We'll have a quick look at [pandas](https://pandas.pydata.org/), one of the most used python data analysis libraries, and at [seaborn](https://seaborn.pydata.org/), a high level API to matplotlib for statistical data visualization. Both the libraries are already installed on Colab. 

In [0]:
import pandas as pd
import matplotlib.pyplot as plt
import seaborn as sns

## Read the dataset


A DataFrames is basically a container for and exposes lots of methods to process tabular data.

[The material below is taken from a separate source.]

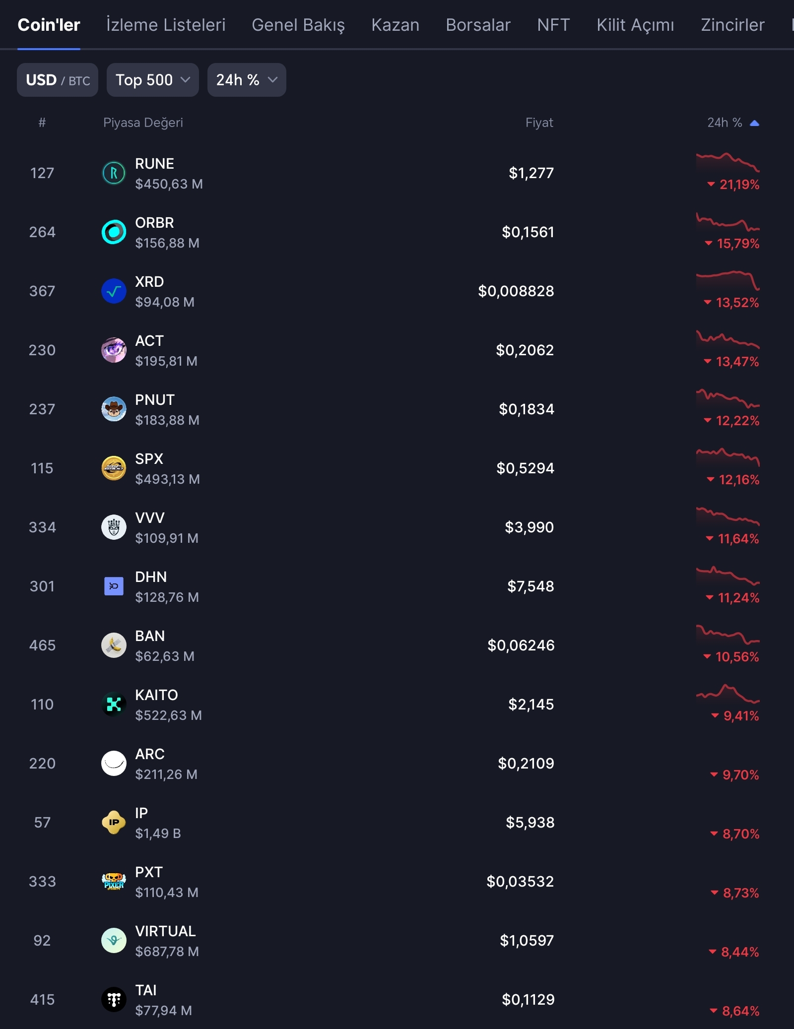 Başarılı bir analitik şirketi olan CoinMarketCap’in verilerine göre ilk 500 kripto para birimi içerisinde son 24 saat özelinde en büyük düşüşü -%21 ile birlikte RUNE isimli altcoin gerçekleştirdi.

Data series are stored, instead, in pandas Series.

Pandas offers plenty of readers out of the box.

In [0]:
[x for x in dir(pd) if 'read' in x ]

Let's read a csv file as a Pandas dataframe. 


In [0]:
dataset_url = "https://raw.githubusercontent.com/retico/cmepda_medphys/master/L8_code/FS_features_ABIDE_males_someGlobals.csv"

In [0]:
df = pd.read_csv(dataset_url)
df.head()

In [0]:
print(type(df), type(df.FILE_ID))

In [0]:
df.columns

Since it is hard to remember what DX_GROUP=1 actually means, let's make this column more readable.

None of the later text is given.